• Provided material:
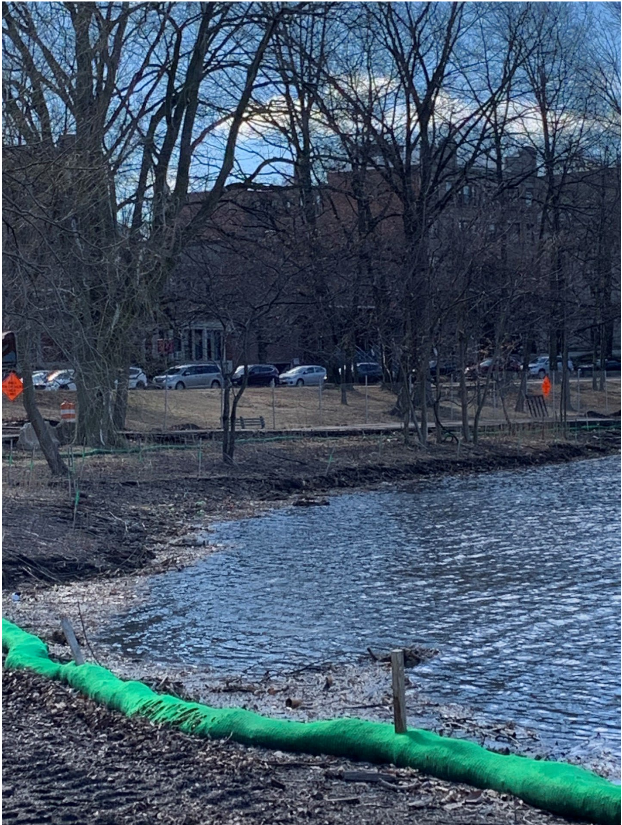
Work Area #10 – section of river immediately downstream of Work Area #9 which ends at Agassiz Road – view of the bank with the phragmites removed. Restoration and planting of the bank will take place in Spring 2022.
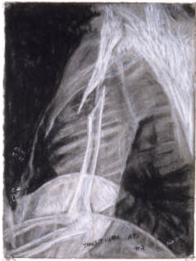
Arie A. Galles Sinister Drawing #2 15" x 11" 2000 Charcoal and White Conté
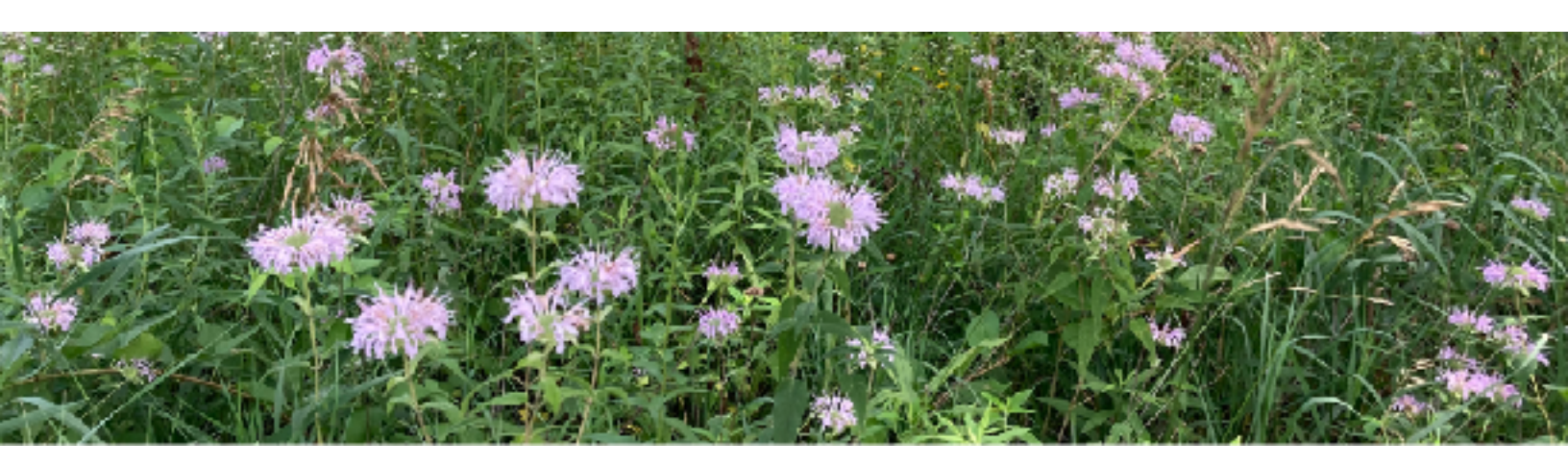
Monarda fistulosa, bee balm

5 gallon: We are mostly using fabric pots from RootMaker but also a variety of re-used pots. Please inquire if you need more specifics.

• What you have to do:
All lines from the line containing "Arie A. Galles" through the end of the listing above are to be given again exactly; pictures are not part of the copy.

• Final answer:
Arie A. Galles Sinister Drawing #2 15" x 11" 2000 Charcoal and White Conté
Monarda fistulosa, bee balm

5 gallon: We are mostly using fabric pots from RootMaker but also a variety of re-used pots. Please inquire if you need more specifics.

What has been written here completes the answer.